Phoenix 中的所有评估都使用相同的通用过程:
- 查询并从 Phoenix 下载追踪数据
- 向追踪数据添加评估标签。这可以通过使用 Phoenix 库、使用 Haystack 评估器或使用您自己的评估器来完成。
- 将评估标签记录到 Phoenix
- 查看评估
我们将使用 get_retrieved_documents 函数来获取检索文档的追踪数据。
import nest_asyncio
nest_asyncio.apply()
import phoenix as px
client = px.Client()
from phoenix.session.evaluation import get_retrieved_documents
retrieved_documents_df = get_retrieved_documents(px.Client(), project_name=project_name)
retrieved_documents_df.head()
/usr/local/lib/python3.11/dist-packages/phoenix/utilities/client.py:60: UserWarning: The Phoenix server (10.9.1) and client (10.11.0) versions are mismatched and may have compatibility issues.
warnings.warn(
context.trace_id \
context.span_id document_position
40880a3ade3753c3 0 53d4a3ef151e2dc3009fa6aff152dc86
1 53d4a3ef151e2dc3009fa6aff152dc86
2 53d4a3ef151e2dc3009fa6aff152dc86
input \
context.span_id document_position
40880a3ade3753c3 0 {"query": "Who lives in Paris?", "filters": nu...
1 {"query": "Who lives in Paris?", "filters": nu...
2 {"query": "Who lives in Paris?", "filters": nu...
reference \
context.span_id document_position
40880a3ade3753c3 0 My name is Jean and I live in Paris.
1 My name is Mark and I live in Berlin.
2 My name is Giorgio and I live in Rome.
document_score
context.span_id document_position
40880a3ade3753c3 0 1.293454
1 0.768010
2 0.768010
接下来,我们将使用 Phoenix 的 RelevanceEvaluator 来评估检索文档的相关性。此评估器使用 LLM 来确定检索到的文档是否包含问题的答案。
from phoenix.evals import OpenAIModel, RelevanceEvaluator, run_evals
relevance_evaluator = RelevanceEvaluator(OpenAIModel(model="gpt-4o-mini"))
retrieved_documents_relevance_df = run_evals(
evaluators=[relevance_evaluator],
dataframe=retrieved_documents_df,
provide_explanation=True,
concurrency=20,
)[0]
run_evals | | 0/3 (0.0%) | ⏳ 00:00<? | ?it/s
retrieved_documents_relevance_df.head()
label score \
context.span_id document_position
40880a3ade3753c3 0 relevant 1
1 unrelated 0
2 unrelated 0
explanation
context.span_id document_position
40880a3ade3753c3 0 The question asks who lives in Paris. The refe...
1 The question asks about who lives in Paris, wh...
2 The question asks about who lives in Paris, wh...
最后,我们将评估标签记录到 Phoenix。
from phoenix.trace import DocumentEvaluations, SpanEvaluations
px.Client().log_evaluations(
DocumentEvaluations(dataframe=retrieved_documents_relevance_df, eval_name="relevance"),
)
如果您现在单击 Phoenix 中的文档检索跨度,您应该会看到评估标签。
评估响应
使用 HallucinationEvaluator 和 QAEvaluator,我们可以检测生成响应的正确性和幻觉得分。
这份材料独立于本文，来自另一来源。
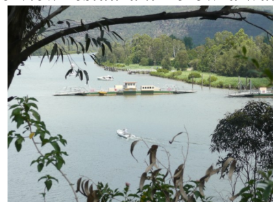
Wisemans Ferry Hawkesbury river

Time Out and Chill Pill headed downstream to our next rendezvous point – Royal Prince Alfred Yacht Club in Newport (Pittwater). We were to spend two nights here with showers! It was great to step foot on solid ground and we all enjoyed a meal at the Newport Arms hotel. The Time Out crew set out for a day in Sydney, traveling by bus the next day. Chill Pill and Zero Tolerance decided to explore around Lion Island and headed towards Brisbane Waters. We found a protected beach surrounded by national park, anchored here for a swim ashore and fishing. Zero Tolerance and Chill Pill went to Refuge Bay for lunch and to find the well known water falls. Much to our surprise the water fall was a trickle set back from a small but popular beach. There were many boats, all shapes and sizes, moored. Fortunately there were many wet moorings available. Returning back to the Prince Alfred Yacht Club, we had tea at Royal Motor Yacht Club much to the delight of Zero Tolerance boys of a pool and playground. Had we arrived a little earlier, they could have enjoyed swimming at the pool.
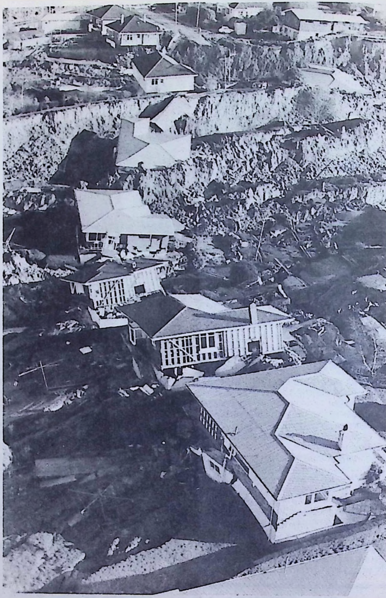
Houses in Abbotsford (N.Z.) slip.

Discussions between Anglican, Churches of Christ, Methodists, Presbyterian and Congregationalists towards unity have ground to a halt. It appears that they will not continue in the near future.
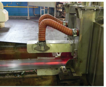
The HECSt 1800 exit exhaust.

from phoenix.session.evaluation import get_qa_with_reference
qa_with_reference_df = get_qa_with_reference(px.Client(), project_name=project_name)
qa_with_reference_df
/usr/local/lib/python3.11/dist-packages/phoenix/utilities/client.py:60: UserWarning: The Phoenix server (10.9.1) and client (10.11.0) versions are mismatched and may have compatibility issues.
warnings.warn(
input \
context.span_id
a3e33d1e526e97bd {"data": {"retriever": {"query": "Who lives in...
output \
context.span_id
a3e33d1e526e97bd {"llm": {"replies": ["ChatMessage(_role=<ChatR...
reference
context.span_id
a3e33d1e526e97bd My name is Jean and I live in Paris.\n\nMy nam...
from phoenix.evals import (
HallucinationEvaluator,
OpenAIModel,
QAEvaluator,
run_evals,
)
qa_evaluator = QAEvaluator(OpenAIModel(model="gpt-4-turbo-preview"))
hallucination_evaluator = HallucinationEvaluator(OpenAIModel(model="gpt-4-turbo-preview"))
qa_correctness_eval_df, hallucination_eval_df = run_evals(
evaluators=[qa_evaluator, hallucination_evaluator],
dataframe=qa_with_reference_df,
provide_explanation=True,
concurrency=20,
)
run_evals | | 0/2 (0.0%) | ⏳ 00:00<? | ?it/s
px.Client().log_evaluations(
SpanEvaluations(dataframe=qa_correctness_eval_df, eval_name="Q&A Correctness"),
SpanEvaluations(dataframe=hallucination_eval_df, eval_name="Hallucination"),
)
您现在应该在 Phoenix 中看到问答正确性和幻觉评估。